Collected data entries
---*---

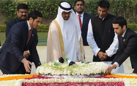 Abu Dhabi's Crown Prince Sheikh Mohamed bin Zayed al-Nahyan (C) during a visit to Raj Ghat, the memorial to the father of the Indian nation Mahatma Gandhi, in New Delhi. (AFP)
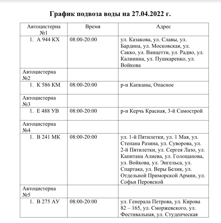 Керченский водоканал сообщает график подвоза воды на 27 апреля, - передает Керчь.ФМ.  Отметим, из-за работ без воды останутся ул. Генерала Петрова, Кирова, Сморжевского, Капканы, Опасное и другие.
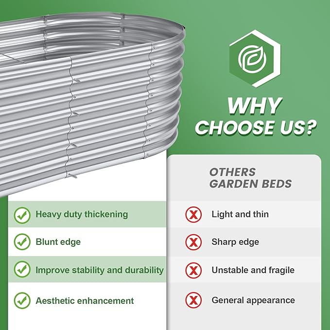• Upgraded quality and structure: raised garden beds outdoor are made of Q195 galvanized metal sheet, double-layer anti-corrosion galvanizing and oval structure design, which is more beautiful, can withstand greater pressure at the interface, is not easy to loose, and the interface will not Deformed and can be reused for many years.
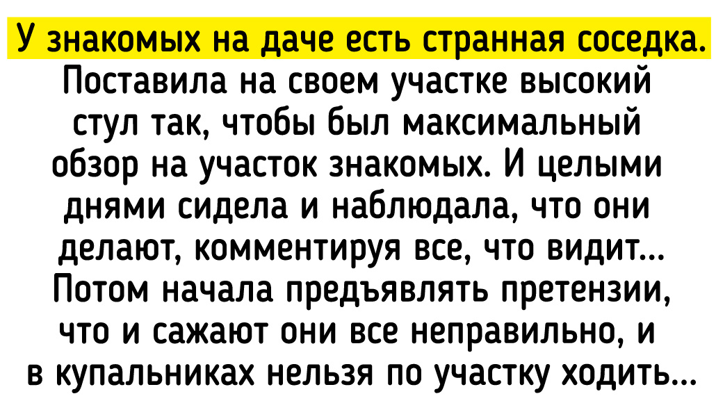 У знакомых на даче есть странная соседка. Поставила на своем участке высокий стул так, чтобы был максимальный обзор на участок знакомых. И целыми днями сидела и наблюдала, что они делают, комментируя все, что видит. Потом начала предъявлять претензии, что и сажают они все неправильно, и в купальниках нельзя по участку ходить, ей смотреть неприятно. Знакомые в ответ на это сделали глухой высокий забор со стороны этой соседки. © Мама Дорогая / ADME
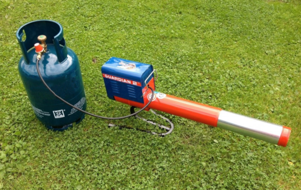 가스 대포는 이 문제에 대한 획기적인 해결책입니다. 체리 작물을 안정적으로 보호합니다. 작은 대포처럼 생긴 장치가 땅에 설치됩니다. 내부에는 프로판 가스 탱크가 들어 있습니다. 정해진 간격으로 대포가 발사되는데, 총소리나 큰 폭발음 같은 소리가 납니다.
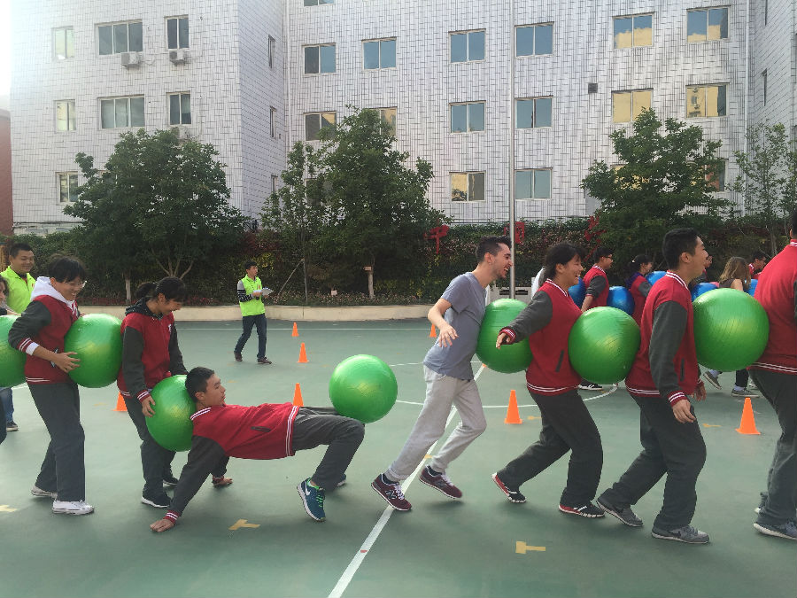 ........2017年10月14日,必一运动对外汉语系罗马项目的20名同学一起奔赴北外附中和80名高中生一起参加趣味运动会。此次运动会的目的在于增强意大利员工和中国员工的凝聚力,促进同学们之间的交流,并展示出他们的蓬勃朝气和竞技热情。运动会共分为四个项目,包括“摸石头过河”、“蜈蚣竞走”、“任意门”、“车轮滚滚”。在比赛中,意大利同学的热情感染着北外附中的员工们,中意员工之间用简单的中文进行交流,齐心协力完成了所有的项目,并取得了优异的成绩。活动结束后,中意同学一起合影留念。意大利的同学们纷纷表示,这次活动让他们亲身感受到了中国员工的热情,并深入了解到中国中学的教育理念,不仅能和中国员工近距离的交流,而且还可以练习汉语的口语表达能力,真是一举多得!
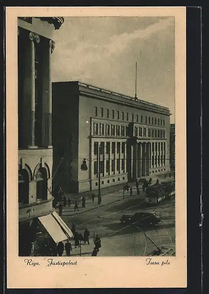 AK Riga, Auto- und Strassenbahnverkehr am Justizpalast

---*---

Work instruction
Give the data above again exactly. Leave the pictures out.

Exercise answer
 Abu Dhabi's Crown Prince Sheikh Mohamed bin Zayed al-Nahyan (C) during a visit to Raj Ghat, the memorial to the father of the Indian nation Mahatma Gandhi, in New Delhi. (AFP)
 Керченский водоканал сообщает график подвоза воды на 27 апреля, - передает Керчь.ФМ.  Отметим, из-за работ без воды останутся ул. Генерала Петрова, Кирова, Сморжевского, Капканы, Опасное и другие.
• Upgraded quality and structure: raised garden beds outdoor are made of Q195 galvanized metal sheet, double-layer anti-corrosion galvanizing and oval structure design, which is more beautiful, can withstand greater pressure at the interface, is not easy to loose, and the interface will not Deformed and can be reused for many years.
 У знакомых на даче есть странная соседка. Поставила на своем участке высокий стул так, чтобы был максимальный обзор на участок знакомых. И целыми днями сидела и наблюдала, что они делают, комментируя все, что видит. Потом начала предъявлять претензии, что и сажают они все неправильно, и в купальниках нельзя по участку ходить, ей смотреть неприятно. Знакомые в ответ на это сделали глухой высокий забор со стороны этой соседки. © Мама Дорогая / ADME
 가스 대포는 이 문제에 대한 획기적인 해결책입니다. 체리 작물을 안정적으로 보호합니다. 작은 대포처럼 생긴 장치가 땅에 설치됩니다. 내부에는 프로판 가스 탱크가 들어 있습니다. 정해진 간격으로 대포가 발사되는데, 총소리나 큰 폭발음 같은 소리가 납니다.
 ........2017年10月14日,必一运动对外汉语系罗马项目的20名同学一起奔赴北外附中和80名高中生一起参加趣味运动会。此次运动会的目的在于增强意大利员工和中国员工的凝聚力,促进同学们之间的交流,并展示出他们的蓬勃朝气和竞技热情。运动会共分为四个项目,包括“摸石头过河”、“蜈蚣竞走”、“任意门”、“车轮滚滚”。在比赛中,意大利同学的热情感染着北外附中的员工们,中意员工之间用简单的中文进行交流,齐心协力完成了所有的项目,并取得了优异的成绩。活动结束后,中意同学一起合影留念。意大利的同学们纷纷表示,这次活动让他们亲身感受到了中国员工的热情,并深入了解到中国中学的教育理念,不仅能和中国员工近距离的交流,而且还可以练习汉语的口语表达能力,真是一举多得!
 AK Riga, Auto- und Strassenbahnverkehr am Justizpalast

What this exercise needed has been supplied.